Anytime & Anyplace
|For over a year, Peg Watson has asked me to write about some of our Not-So-Happy
adventures. I always try to be positive. She has strong feelings that some
readers may want to hear "the darker side". So, this one's for Peg and her
friend who sent me the message that this was a needed topic.
First, I must say that these two old sayings are actually true:
1) Trust your gut instinct, and
2) If life gives you lemons, try really hard to make lemonade.
The first Not-So-Happy Trails that comes to my mind is when our seven-seat vehicle blew up - way out in the middle of nowhere, on the top of a mountain, on a hot, hot day (with the dog in the car). First, I have to qualify this with the fact that I loved that old car. Never having seven seats before, I appreciated being able to offer extra kids some inclusion on our adventures. Referring to the first saying, I failed to trust my gut instinct when I saw my mechanically challenged husband reaching to open the radiator cap, and knowing that was not a good idea. After having been overruled, I should have aggressively thrown my body across the entire engine area. I strongly suspected that the smoke and boiling sound from under the hood meant something bad. Fortunately, my husband (who remains my husband in spite of this incident) was wearing glasses when the volcanic eruption drenched him with radiator fluid. We lost four bottled waters rinsing him off. The rest of the case of water went into the radiator. We did get out of the mountains and back to camp before we blew the head gasket as well.
Now the second saying comes to mind. If life gives you lemons, make lemonade. The same camping trip, the day after saying good-bye to a dear 1984 Dodge Colt Vista, our 1986 Toyota gave out on the rescue mission…we even had the bird along on this trip.
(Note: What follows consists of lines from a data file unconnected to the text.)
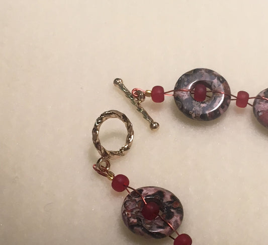 Bracelet en pierre semi-précieuse en jaspe peau de léopard peint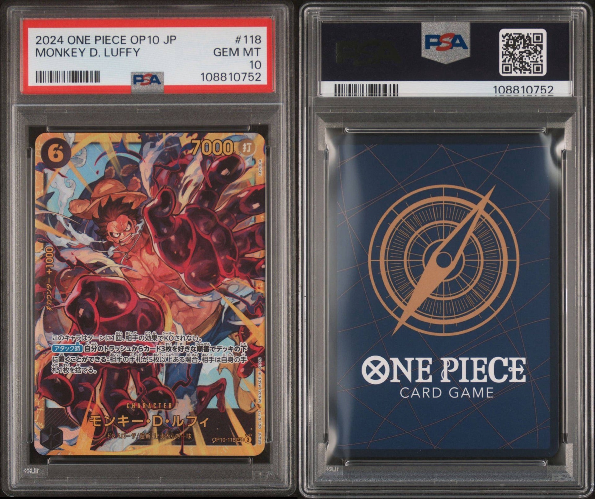 PSA10 2024 ONE PIECE JAPANESE OP10-ROYAL BLOOD MONKEY D. LUFFY 118
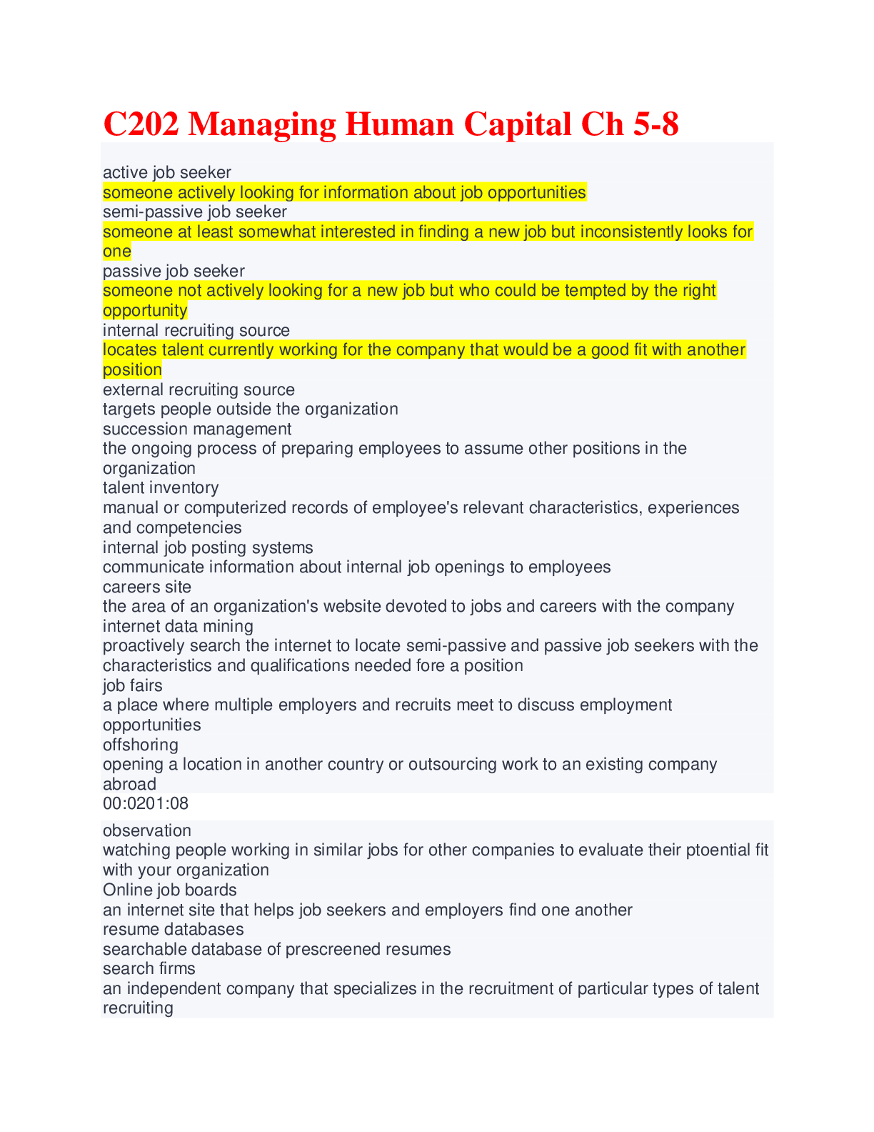 Human Resource Management > EXAM > C202 Managing Human Capital Ch 5-8 Exams/ Score A+ (All)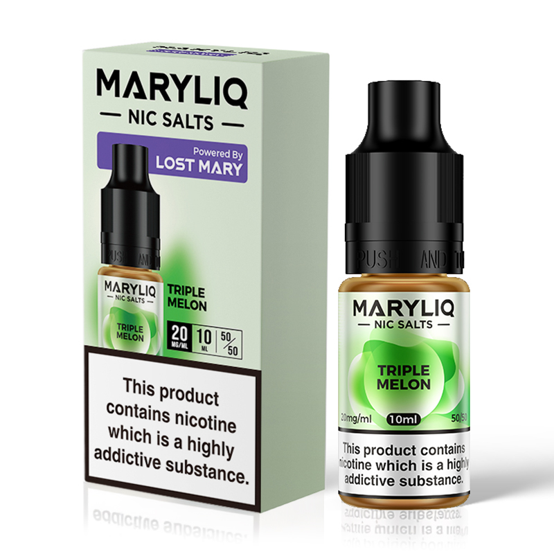MARYLIQ Nic Salt E-Liquid Triple Melon offers a refreshing blend of sweet watermelons, juicy cantaloupe, and ripe honeydew for a delicious vaping experience with a smooth throat hit.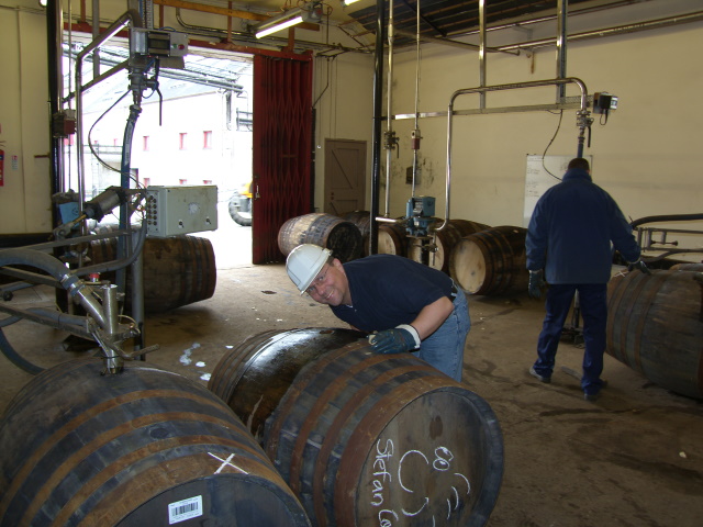 eigenen "Tankstelle" Dort werden die Fässer mit dem Destillat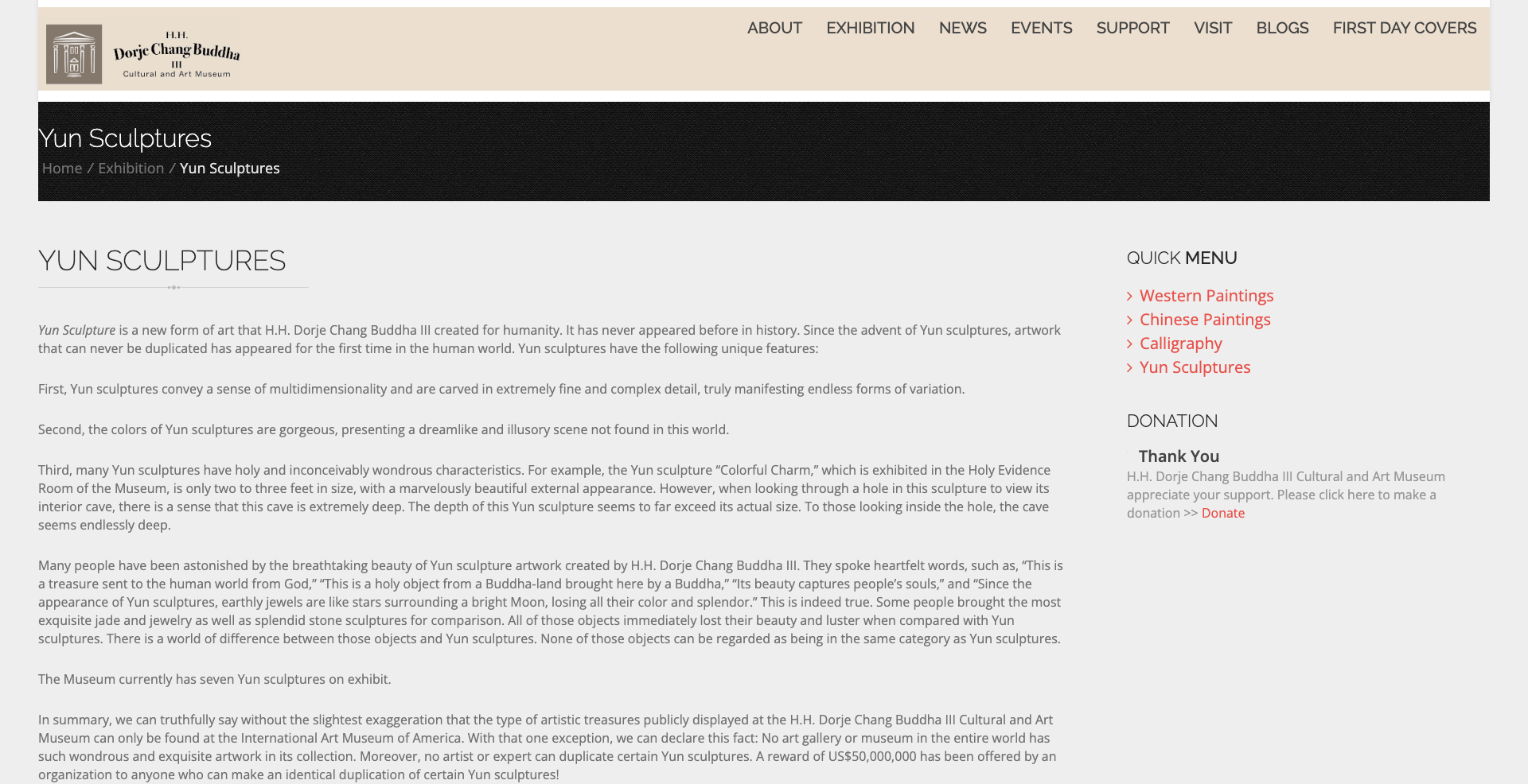 In summary, we can truthfully say without the slightest exaggeration that the type of artistic treasures publicly displayed at the H.H. Dorje Chang Buddha III Cultural and Art Museum can only be found at the International Art Museum of America. With that one exception, we can declare this fact: No art gallery or museum in the entire world has such wondrous and exquisite artwork in its collection. Moreover, no artist or expert can duplicate certain Yun sculptures. A reward of US$50,000,000 has been offered by an organization to anyone who can make an identical duplication of certain Yun sculptures!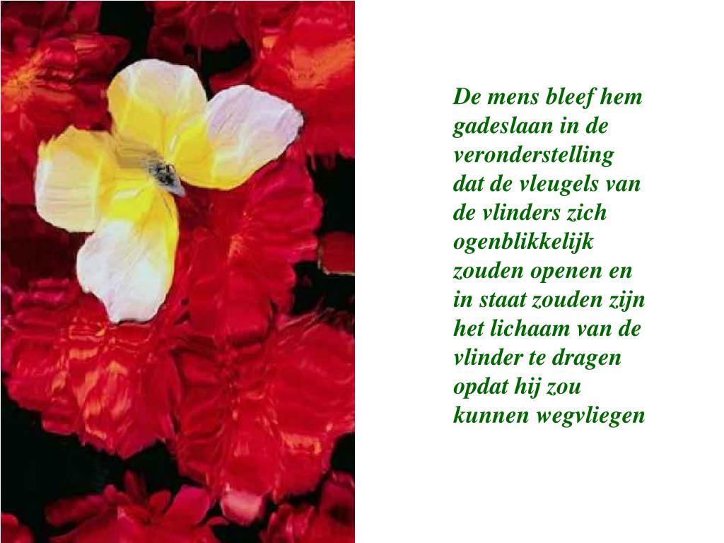 De mens bleef hem gadeslaan in de veronderstelling dat de vleugels van de vlinders zich ogenblikkelijk zouden openen en in staat zouden zijn het lichaam van de vlinder te dragen opdat hij zou kunnen wegvliegen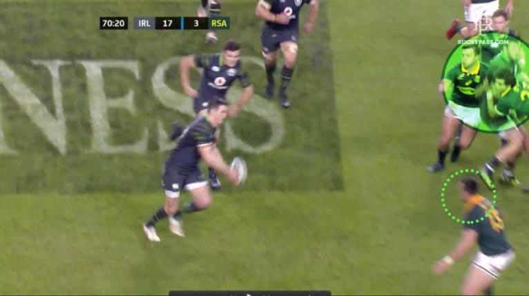 Two phases later Ireland score as South Africa cannot reset their defence following the massive breach. The killer blow is landed taking Ireland out to a 22-3 lead with less than eight minutes remaining.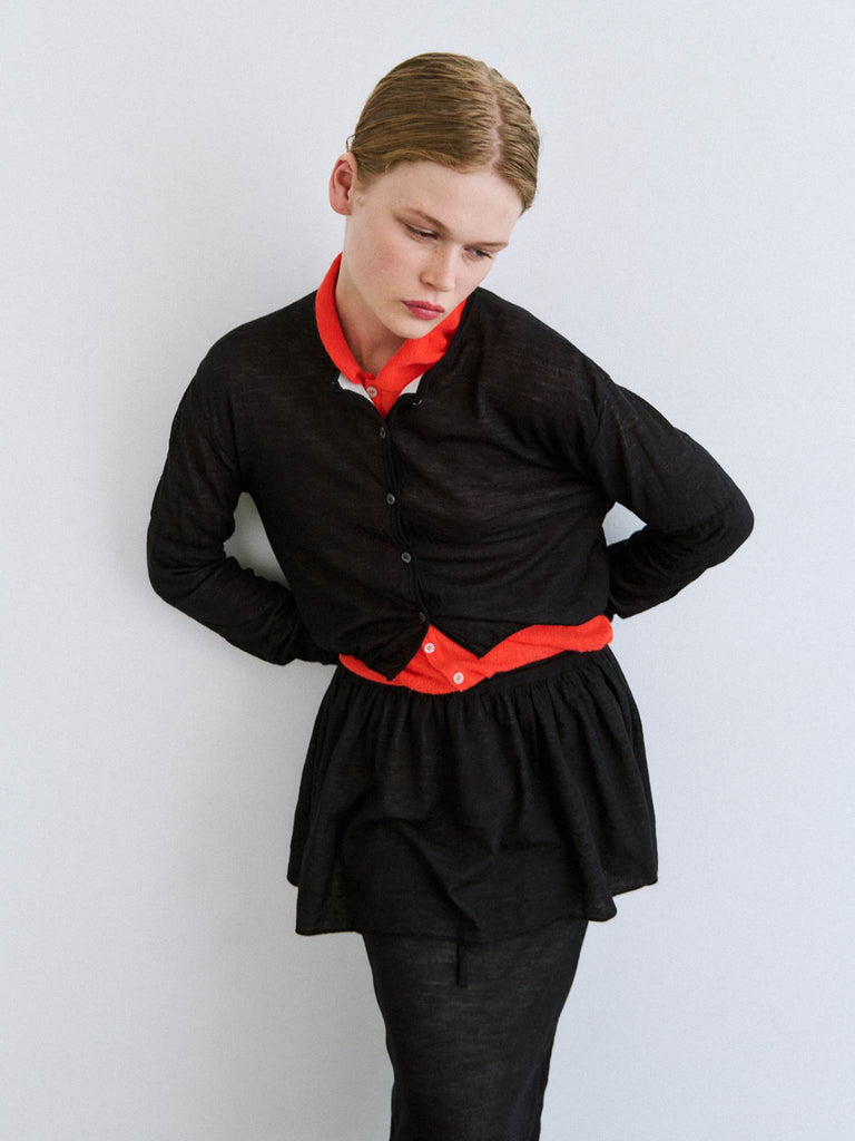 Knitted cardigan in double-layer fine merino wool, featuring a contrasting chalk inner layer that adds subtle volume. Designed with a slightly cropped silhouette, buttoned front, long sleeves with positional ruching, and rolled-edge trims.
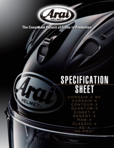 www.AraiAmericas.com © Arai Helmet, Inc. 2023, Printed 01/23 in USA. Specifications subject to change without notice. *HCM (Head Circumference Measurement) should be a starting point only in determining your helmet size. Determining the best possible fit should be from actual test fittings of Arai´s various interior fit packages. Changes and updates can affect the standard pad thickness supplied with your helmet. INTERIOR LINING THICKNESSES CHEEK PAD THICKNESSES OPTIONAL STANDARD / size Lining Code XS I HCM(cm) (53-54) S II (55-56) M III III (57-58) L IV (59-60) XL V (61-62) XXL (63-64) size Lining Code XS I HCM(cm) (53-54) S II (55-56) M III III (57-58) L IV (59-60) XL V (61-62) XXL (63-64) CORSAIR-X RC 12 mm 10 mm 7 mm 5 mm CORSAIR-X 12 mm 10 mm 7 mm 5 mm CONTOUR-X/REGENT-X 12 mm 10 mm 7 mm 5 mm RAM-X QUANTUM-X/SIGNET-X 12 mm 10 mm 7 mm 5 mm XD-4 12 mm 10 mm 7 mm 5 mm VX-PRO4 12 mm 10 mm 7 mm 5 mm size XS HCM(cm) (53-54) S (55-56) M (57-58) L (59-60) XL (61-62) XXL (63-64) CORSAIR-X RC CORSAIR-X CONTOUR-X/REGENT-X QUANTUM-X/SIGNET-X Thicker Thinner 30 - 30 25 20 - 20 - 20 15 12 - 25 - 25 20 15 - Standard (mm) 30 30 30 25 25 20 Thicker 20 20 20 15 15 - Thinner 25 25 25 20 20 15 Standard (mm) 30 30 30 25 25 20 Thicker 20 20 20 15 15 - Thinner 25 25 25 20 20 15 Standard (mm) RAM-X VX-PRO4 30 30 30 25 30 25 Thicker 20 20 20 15 20 15 Thinner 25 25 25 20 25 20 Standard (mm) XD-4 25 25 25 20 20 15 Thicker 15 15 15 12 12 - Thinner 20 20 20 15 15 12 Standard (mm) 30 30 35 30 30 30 Thicker 20 20 25 20 20 20 Thinner 25 25 30 25 25 25 Standard (mm) CLASSIC-V 30 30 30 25 25 20 Thicker 20 20 20 15 15 12 Thinner 25 25 25 20 20 15 Standard (mm) size XS HCM(cm) (53-54) S (55-56) M (57-58) L (59-60) XL (61-62) XXL (63-64)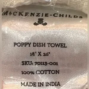 Add a little country charm from the MacKenzie-Childs Aurora farm to your kitchen with this beautiful Poppy Dish Towel. A field of bold blossoms, bordered by chic checks and a stripe with the MacKenzie-Childs thistle logo.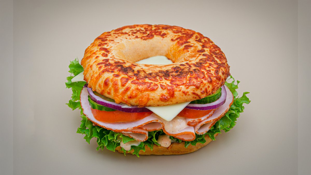 Chili cheddar bagel, aioli, kalkun, salat, agurk, tomat, rødløg, ost og mild chilidressing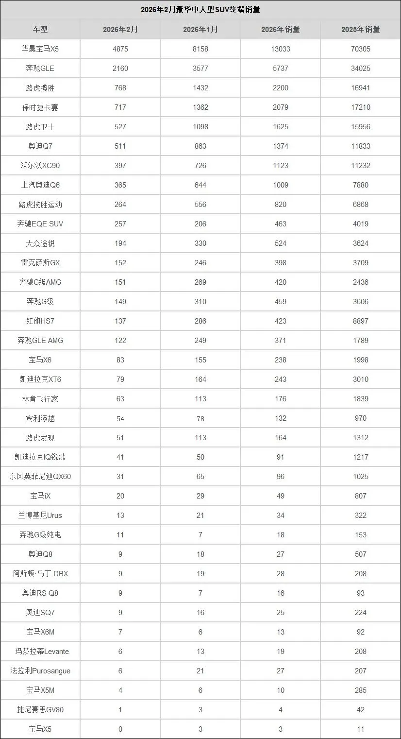 保时捷卡宴的2月终端销量为717辆,前2个月总销量2079辆,相比巅峰时期下滑明显,它需要换代车型来提升销量。奥迪Q7的2月终端销量为511辆,前2个月总销量1374辆;如果不是非常在乎品牌形象,Q7的性价比其实要优于国产宝马X5。大众途锐今年前2个月总销量524辆,它是进口大众体系最后的独苗,但也进入停产退市倒计时。

You have to be flexible to turn that one into lemonade or you could lose it on a permanent basis.
Another Not-So-Happy Trails was when my then 18 month old broke his leg at the VA Discovery Museum. The first wail I heard, my gut instinct KNEW he was hurt. It was in listening to the other adults (who had witnessed the fall) that created this motherly guilt. Everyone insisted it was too short of a distance to have broken his leg. The wailing continued. Even taking him outside into fresh air (which had always relieved him before) did not work. Fortunately, after too much of a delay, I finally listened to myself and my medically inclined husband got him to a doctor who diagnosed the leg as broken in not one but two locations.
Or what about enjoying a serious bike ride all over Assateaque Island? During migration, when the birds were incredible...my daughter had an asthma attack at the farthest point on the island and her inhaler was back at the hotel.
Let's try this one. I have a really good friend. She invited us to the beach for a week (meaning she can afford a huge mansion, oceanfront, with dogs and cats allowed). She was going anyway so I didn't have to pay for anything but gas, food, and sunscreen. This luxurious place had four levels, eight bedrooms, and two living rooms with their own TVs. I learned for the first time that we had totally different television rules and I was not going to let my kids watch THAT! The finale was when her cat's eye popped out and while she spent all the time at the vet, I had six 6 – 9 year olds and two dogs to supervise on the roaring beach.
Then there was the time last summer when we got to the beach and had to be evacuated for Hurricane Bonnie. We were stopped for at least five hours. Like, really stopped. Traffic was snagged at the bridge. It was a hot day in August. It was great...we made great lemonade that day. People had to get out of their cars. A guy started playing his guitar and kids started dancing - then a soccer ball appeared, then the board games, and then the coolers. We were lucky; no alcohol appeared. I later heard stories that where there was alcohol, there were fights. It could have easily gotten tense. The people I talked to were surrendering their one-week-a-year vacation, as well as their payment for the beach house (unless they had purchased hurricane insurance). At one point, this desperate mother couldn't find her 9-year-old. He was 15 cars up sharing a sandwich with a new friend. The paper said 500,000 people left within four hours. No wonder the bridge was backed up.
Bad things will happen. Good research, careful planning, realistic expectations, a sense of humor, and some confidence can go a long way. You also need to be able to trust your judgment of when to bail out, take your losses, and move on. We will continue to make mistakes, but at least we can learn something from them.